I got two fascinating emails from Jason Hunter over the weekend, both concerning MarkMail, the open source mailing list search engine created by Ryan Grimm and Jason over at MarkLogic. I thought I’d share them, with Jason’s permission.
The first was a fairly prosaic announcement:
In the last few weeks we loaded the PHP and PEAR mailing lists, a sum total of about 700,000 new messages. Contained within the new load is the php-general list, now statistically our largest list at 266,000 messages, passing by the old king tomcat-users with its 225,000 messages. Third place now goes to the main MySQL list.
It’s great to know that you can now search these lists with the amazing MarkMail tools, which I wrote about recently on Radar. But what really caught my attention was Jason’s next message, a bit of backchannel conversation that illuminates just how poorly the big search engines index small sites with large collections of data:
I thought you might find this interesting. One of the challenges we face with MarkMail is how to get Google to crawl all 6m (and eventually more) pages we have on our site. You often hear people talking about ways to increase their small site’s PageRank, but you don’t find many people talking about the challenge of stuffing Google full of (good) content.
Observations so far:
- Google is way ahead of the other search engines. Based on doing site:markmail.org queries: Google has indexed 760k pages, Yahoo 19k, and MSN 4k. It’s not just the search algorithm that matters, it’s also the crawl algorithm, and we have a clear winner here.
- Google started crawling right from the get-go. We peaked at 960k pages indexed about a week ago. The number goes up and down but the 1m line seems a tough one to crack.
- It is definitely possible to crack 1m. My old email archive system on Servlets.com stands at 1.3m pages indexed. Gmane has 2.5m indexed.
- This may be an impossible challenge. GMane has 2.5m messages indexed by Google but more than 50m messages archived.
- We theorize that Google judges a site on various factors and crawls accordingly. Based on the fast crawl speed in our earliest days, we think “momentum” is a factor besides just raw PageRank.
- We also theorize that faster page response times might help keep the crawl rate up. There’s only 86,400 seconds in a day so to have 250k pages crawled means the Googlebot needs to hit your site three times a second. We expect the bot slows down if a site seems sluggish.
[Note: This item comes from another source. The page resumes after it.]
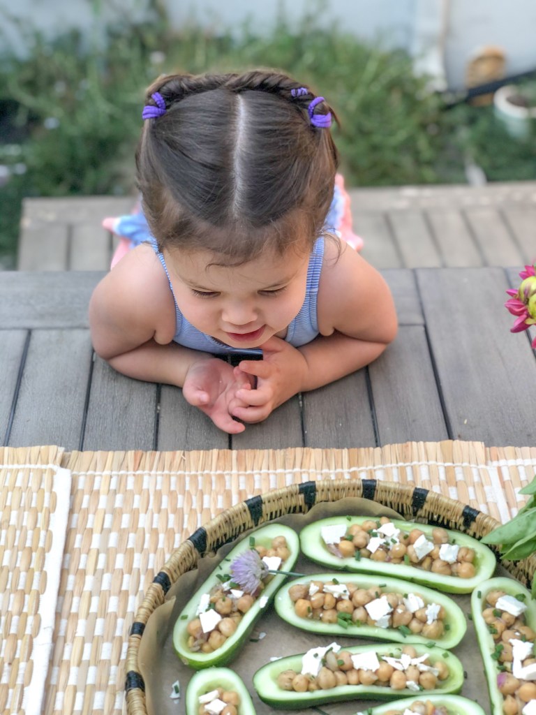I topped ours with fresh chives and chive flowers from the garden and slivers of feta. Fresh dill, fennel fronds, mint, lemon zest…the topping options are pretty much endless. Parent tip: if you’re planning on feeding these to toddlers, make sure to drain the chickpeas well before filling the boats. Our kids surprisingly enjoyed these—the 4-year old pretended the boat was sailing on his plate, and the 2-year old likes not having to fight the food with her knife and fork. I hope your family enjoys these as much as we did!

Attached is a picture of the pages crawled each day for the last 50 days (we don’t have stats for the first few weeks). It’s widely variable. Notice the happy increase this last week. That might be due to your blog entry giving us some extra whuffie. Or maybe it’s due to the 30x speed optimization we made in response to your post to better handle the traffic. Or maybe it’s just random. I wish I knew. [links added by me]
Jason’s last point seems particularly insightful. There are only so many seconds in a day, and the larger the number of pages on a site, the harder a crawler would have to hit the site to index them all while keeping reasonably up to date copies. Small sites with lots of pages thus provide an impedance mismatch for crawling. Obviously, with Google showing 58.4 million pages in response to “site:myspace.com”, and 73.3 million in response to “site:flickr.com”, a high performance site justifies a high performance crawl, so the question is how Google makes the decision how deep to go. (Interestingly, “site:facebook.com” shows only 906K pages, suggesting that a huge proportion of Facebook’s pages are still private.)
It does seem to me, though, that since most of the pages in mail archives are old pages, and not changing, some smarter algorithms that recognize the nature of these sites versus, say dynamic collections of potentially updated pages like flickr or myspace, might figure out how to do a purely incremental crawl, rather than re-crawling the pages over again. After all, archive sites like gmane and markmail have realized that they don’t need to keep re-crawling archived mail messages. Why can’t the big guys figure this out too, especially when someone else has done the work of collecting all the data?
Still, I’m reminded of a comment by Ben Bernanke reported in today’s New York Times profile, The Education of Ben Bernanke, that he is “a believer in the laws of mathematics.” I’ve become increasingly fascinated by the underlying math of Web 2.0 since reading Jeremy Liew‘s post about the economics of online advertising last year. Limits are, of course, made to be broken. But it’s worth thinking about absolute (and temporary) limits to the growth of Web 2.0. What constraints do we take for granted? What constraints are invisible to us? Your thoughts welcome.